If there is an American expat in Hanoi–outside the diplomatic community itself–who actually agrees with the new American war, I have not found this person in meetings and occasions that have brought me into close contact with dozens of US citizens. Lady Borton, an author and well-known international affairs representative for the American Friends Service Committee, has lived here since the late 1960s and speaks fluent Vietnamese. She opposes the war herself, as she opposed the Vietnam War. “One consistent strain runs through the words of all the Vietnamese I see,” she told me. “It is pain and horror for the people of Iraq. The middle-aged and elders know. They’ve been there themselves. The young just say they can’t believe we’d do what we’re doing. A report today says we’ re starting to plant mines in Iraq. Every week Vietnamese children are still being maimed by landmines buried thirty years ago. It never ends when you go down this path.”

Gerald Herman, an American businessman and entrepreneur who has lived in Vietnam for ten years, says that what is especially poignant about the Vietnamese is not their reaction to the war in Iraq but their sympathy for Americans after 9/11. “Every single Vietnamese I know, including two young men I had to fire from my company, got in touch then to offer condolences,” Herman said. “I expected at least one person to tell me, ‘Now you know what it feels like,’ but no one did. Knowing I was from New York, people were asking me if I had friends or relatives in the twin towers. It was remarkable, profound compassion. Now we’ve totally squandered that.”

Meanwhile, the US Embassy has sent out an advisory warning us all to “avoid crowds and demonstrations, keep a low profile”–which at least partly means, don’t let your voice be heard if you happen to think this war is wrong. One feels safer here, less a target for random violence–not to mention a terrorist–than in most cities in America. For the first time in my life I’m sorry to be on my way home.
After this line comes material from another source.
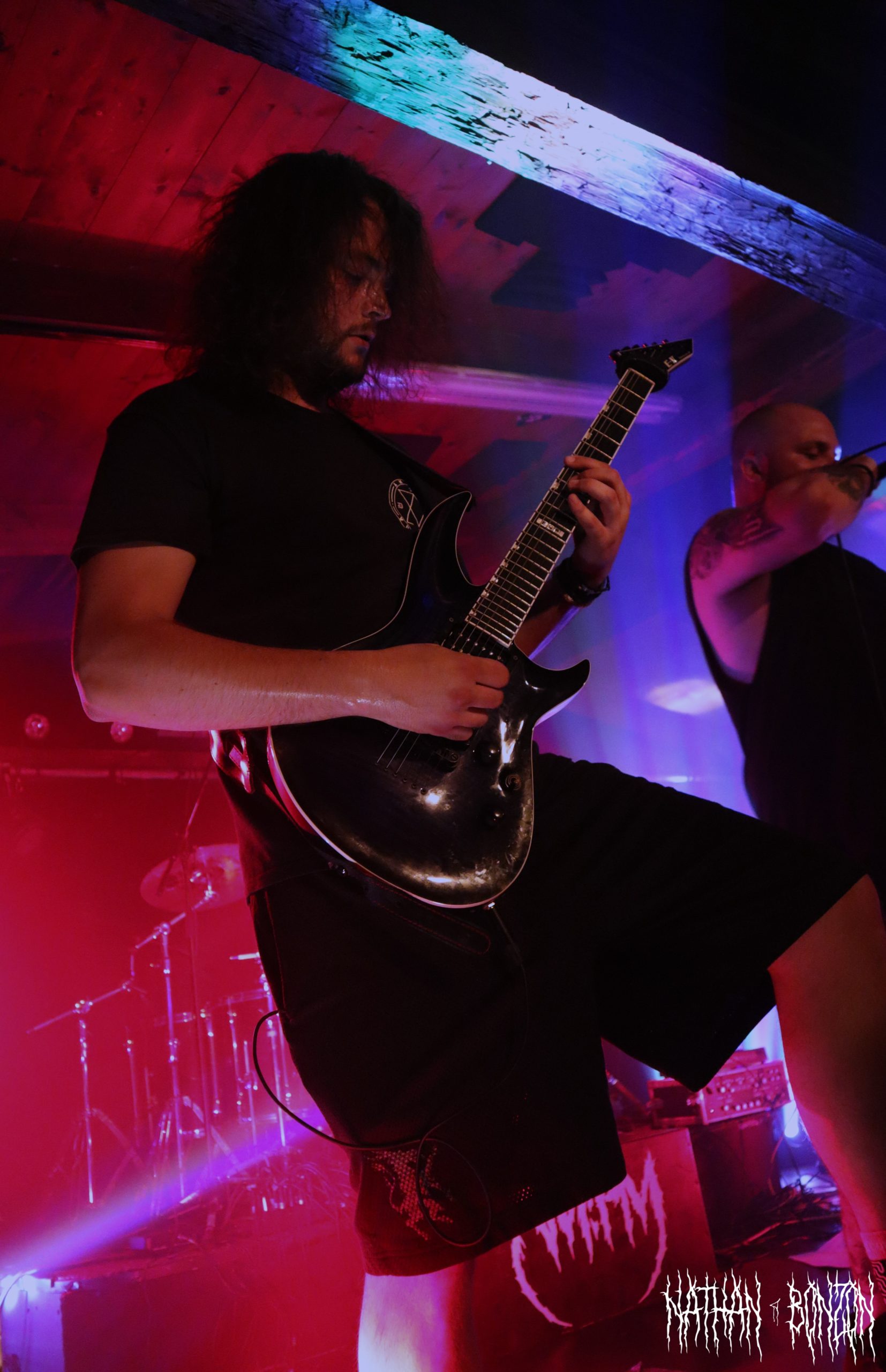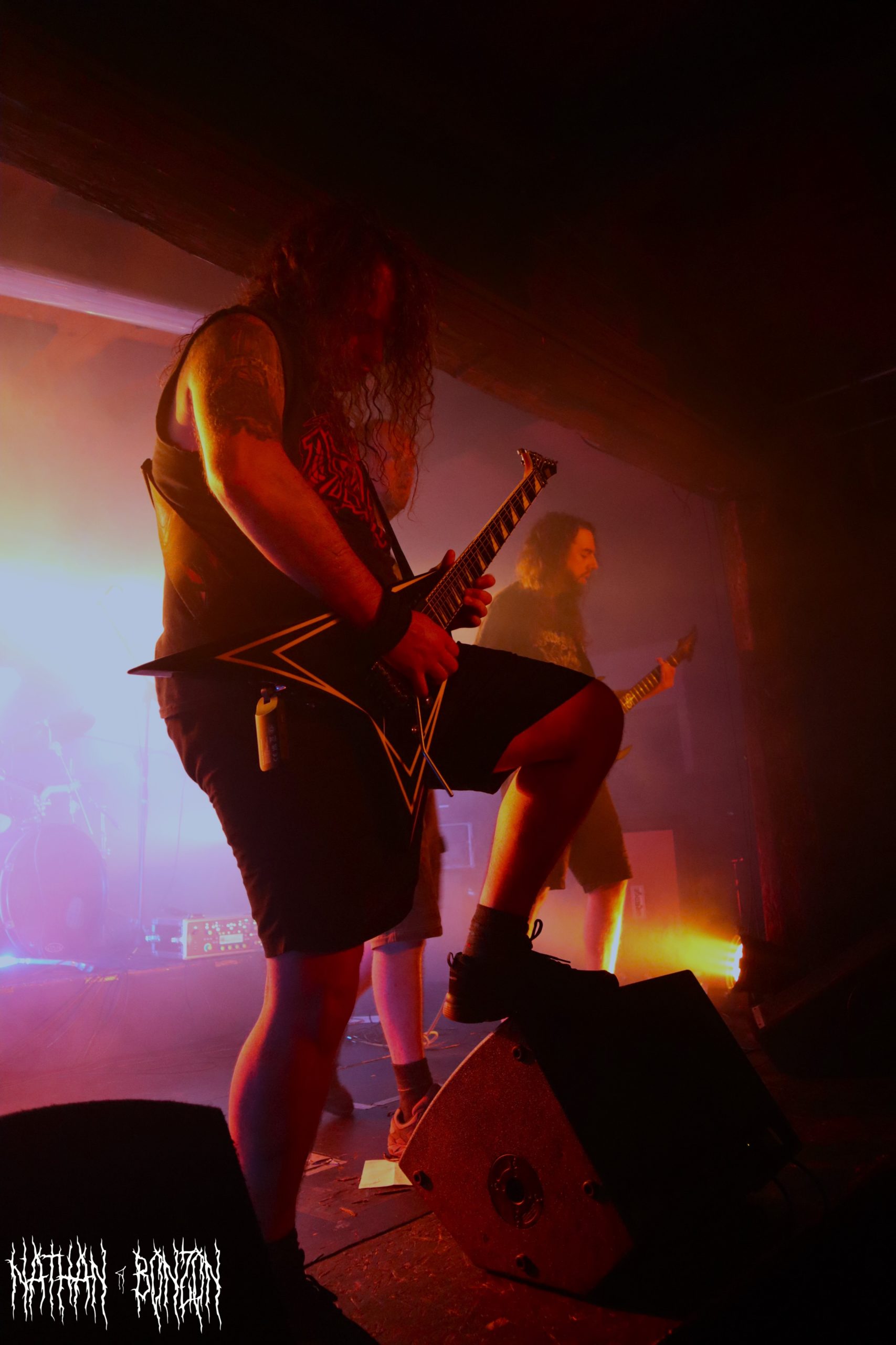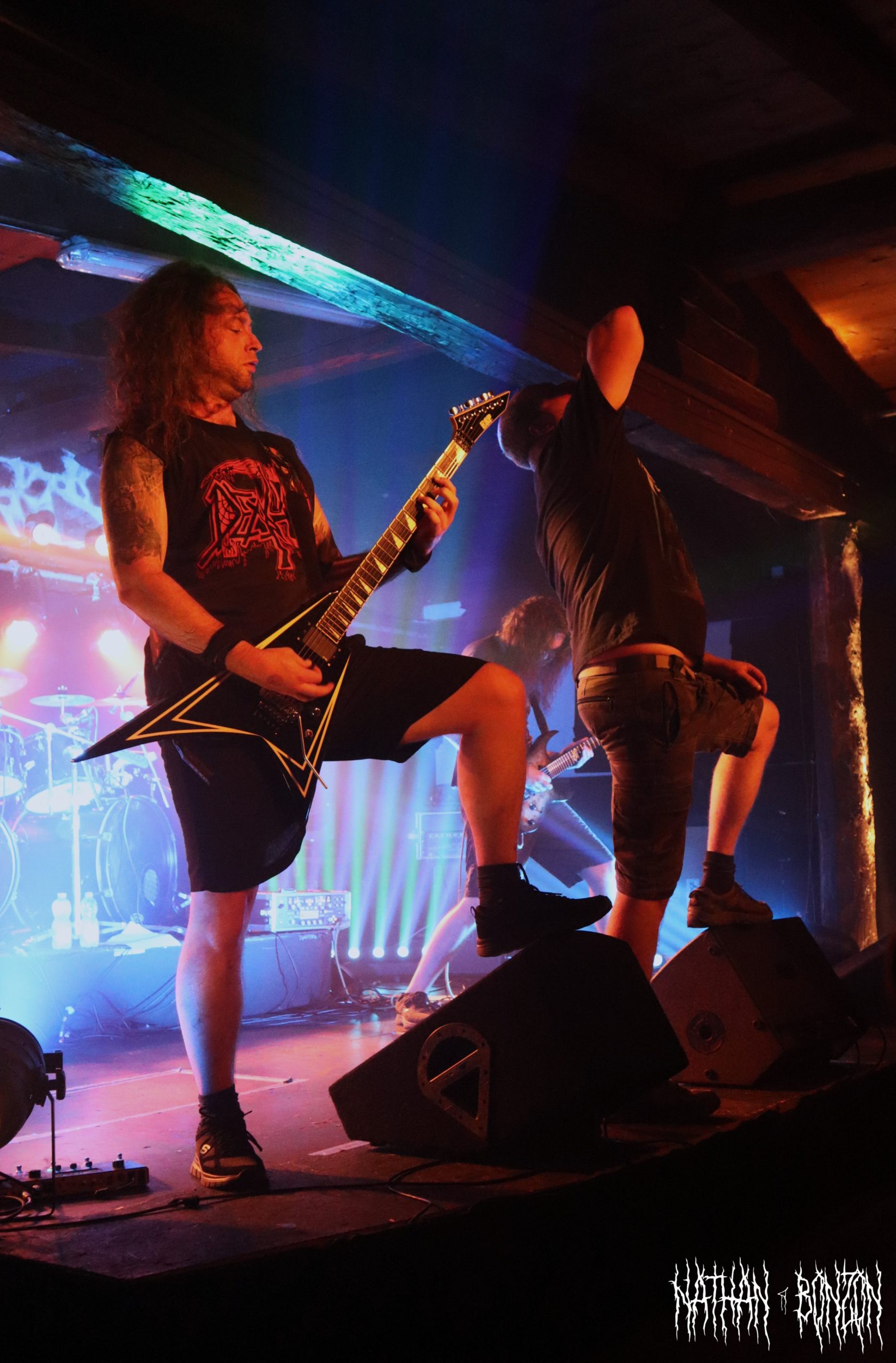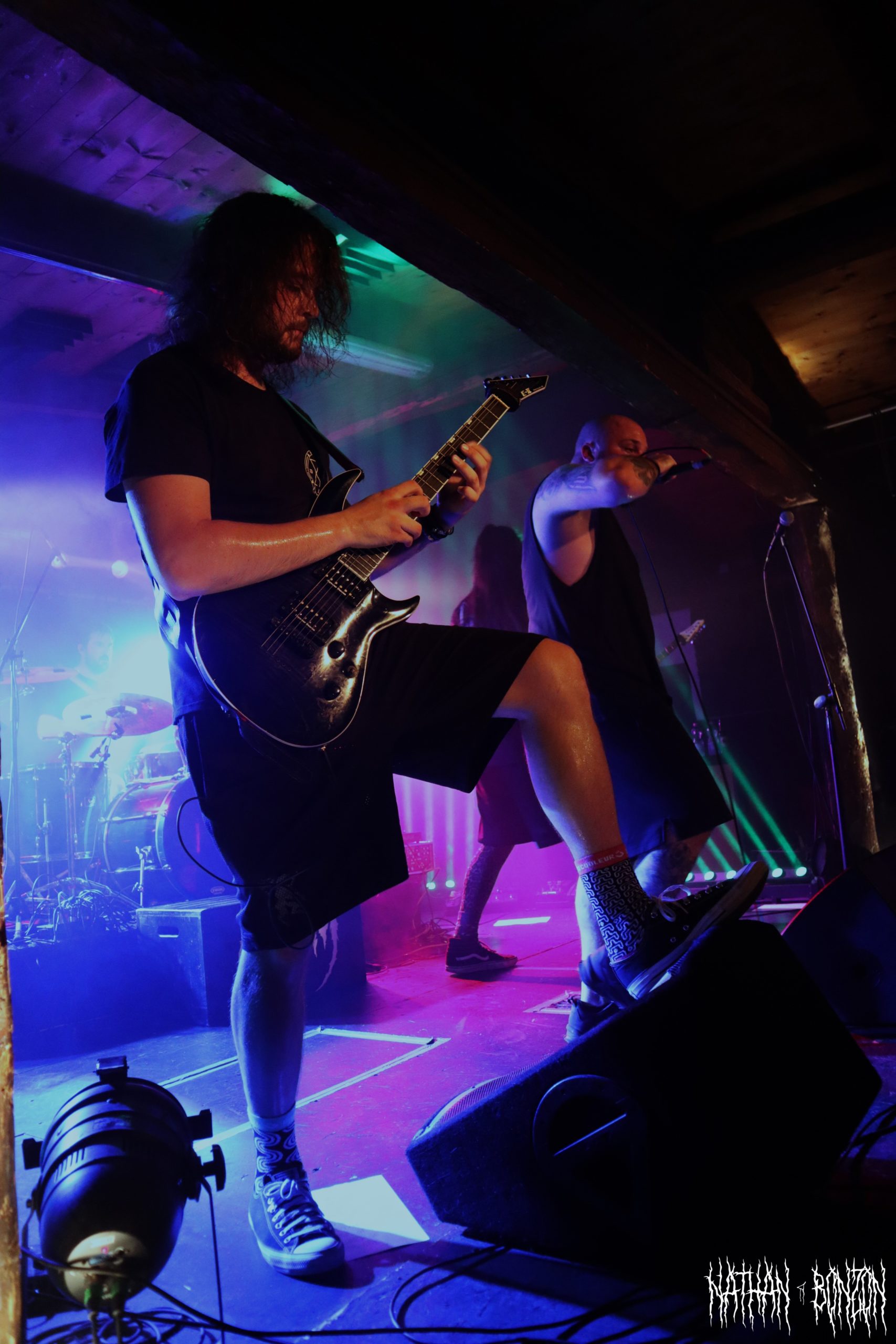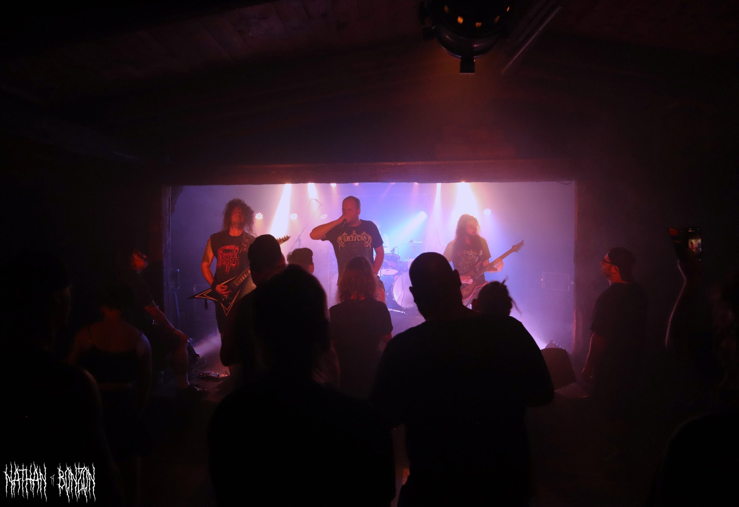 Ensuite, il est temps pour Carrion de fouler les planches du Manoir. Formé en 2008 et ayant sorti trois albums studio à ce jour, le groupe joue un (brutal) death metal assez groovy et rapide. Ce soir, les Belges jouent une grande sélection de titres provenant de leur dernier album en date, Morbid Nailgun Necropsy, sorti en mars 2023. Eradication, le tout premier morceau, commence sur les chapeaux de roues. À la fois rapide et lent, celui-ci alterne entre des moments extrêmement rapides et d’autres plus groovy. Le public, de retour dans la salle du Manoir après une courte pause, semble déjà déchaîné, se lançant dans de féroces moshpits. Le set continue sur sa lancée, avec d’autres morceaux du dernier album comme Nematodes, Morbid Nailgun Necropsy, ou encore Genetic Alteration, tous aussi brutaux les uns que les autres. Gingeritis reste cependant un de mes préférés de cette soirée, comportant un énorme breakdown soutenu par des gutturales d’enfer. Le reste du set propose également des morceaux de leur second album Time To Suffer (2018), comme Mutilation et Torment. Outre le fait qu’elle est extrêmement lourde, la musique de Carrion est aussi très technique. En effet, leur batteur montre une réelle dextérité à jouer des blast beats extrêmement rapides et possède une endurance folle. Pour ce qui est du département des guitares, on a tantôt affaire à des chugs bien lourds, tantôt à des riffs de grind très chaotiques. Nous avons même droits à d’exquis soli, typiques du death old school. En terme de vocaux, le chanteur est très polyvalent. Celui-ci alterne entre des growls caverneux de death, des highs stridents (me rappelant beaucoup ceux du chanteur de Dark Funeral) et des « gargouillements » de goregrind, rares mais bien placés. Certains morceaux prennent le temps de poser une atmosphère menaçante, à l’aide d’intros ou de moments plus « ambiants ». Carrion laisse le temps à la musique de développer un sentiment inquiétant, rendant le tout assez anxiogène, tout comme dans un film d’horreur qui fait monter le suspense et la tension chez le spectateur.

At the War Remnants Museum in Ho Chi Minh City, where a small selection of brutalities from the Vietnam War are displayed, a Nebraskan wrote in the visitors’ book, “Please do not confuse the Bush Administration with the American people.” I wish I agreed. I’m not sure we should be let off that hook so easily, either by the overwhelmingly friendly Vietnamese people I have met here in the last three weeks or by ourselves, as each one of us considers our participatory role in what is happening while we descend, in the fashion of ancient Rome, from a republic to an empire.